René-Charles Guilbert de Pixerécourt (22 January 1773 - 27 July 1844) was a French theatre director and playwright, active at the Théâtre de la Gaîté and best known for his modern melodramas such as The Dog of Montarges, the performance of which at Weimar roused the indignation of Goethe.

==Life==
He was born at Nancy into a Lorraine family of rural nobles. His parents, after the sale of the Pixerécourt estate, bought another in the Vosges, Saint-Vallier, in the hope of recovering their feudal and manorial rights, and possibly in time acquiring a marquisate. The château was in poor condition, the kind which "could make you a marquis and a mendicant in the same instant" in the words of Jules Janin. The family's hopes were ruined by the Revolution. At the age of twenty, in 1793, Pixerécourt abandoned his studies of law and left Nancy "on the day of the King's death" to meet his father at Koblenz and enter the Breton regiment as an officer in the army of Condé. At the end of the year he returned to France to make his fortune, entering via Nancy and arriving in Paris on 27 February 1794 at the height of the Reign of Terror. After the denunciations of the Committee of Public Safety, Pixerécourt owed his life to the protection of Lazare Carnot who, for nearly two years, employed him as a secretary in the Ministry of War. He then obtained two posts, one in the Administration of Domains and another in that of Registrations, both of which he was to retain for thirty years and which allowed him, particularly at the beginning, the pursuit of a career in the theatre. He would eventually become director of the Théâtre royal de l’Opéra-Comique (from 1824 to 1827) and of the Théâtre de l'Ambigu-Comique.
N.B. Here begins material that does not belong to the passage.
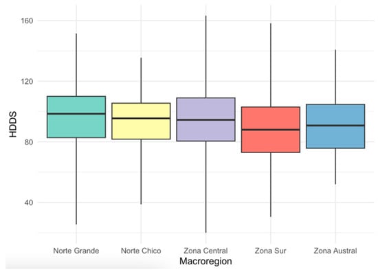 Household Dietary Diversity Score (HDDS) across Chilean macro-zones, 2019–2020.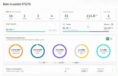 The exhibit shows an Alletra MP configuration delivering ~4.6 GB/s (256 KB sequential read) with four 10 Gb host ports. That throughput is close to the aggregate front-end bandwidth ceiling of 410 GbE (5 GB/s raw, less with protocol overhead). For large-block sequential workloads, the front-end link budget is often the bottleneck; adding additional 10 GbE ports (or moving to higher-speed links) increases available host bandwidth and raises sustained sequential read throughput. This aligns with HPE sizing guidance: scale host connectivity to meet sequential throughput targets before adding media.

The general mistrust of ex-émigrés prompted him to take the pseudonym of "Charles" for his first works. He had taken only one book with him into exile: the Nouvelles of Jean-Pierre Claris de Florian, which gave him the subject of his first two plays: Sélico ou les Nègres généreux ("Sélico, or The Magnanimous Slaves"), purchased by the Théâtre-Français, and Claudine ou l’Anglais vertueux ("Claudine, or the Virtuous Englishman"), taken up by Salle Favart. His first great success came in 1800 with Cœlina ou l’Enfant du mystère ("Coelina, or The Child of Mystery"). The following year, in April, Le Pèlerin blanc ou les Enfants du hameau ("The White Pilgrim, or the Children of the Village") ran for 386 performances at L’Ambigu. This was nearly beaten by L'Homme à trois visages ("The Man With Three Faces") which ran for 378 nights at the same theatre. In September 1802, La Femme à deux maris ("The Wife With Two Husbands") continued his good fortune. In 1803, Tékéli, performed by Tantin and Mme Bourgeois, broke his previous record with a run of 430 nights. In 1805, La Forteresse du Danube and Robinson Crusoé ran for a whole year at the Porte-Saint-Martin.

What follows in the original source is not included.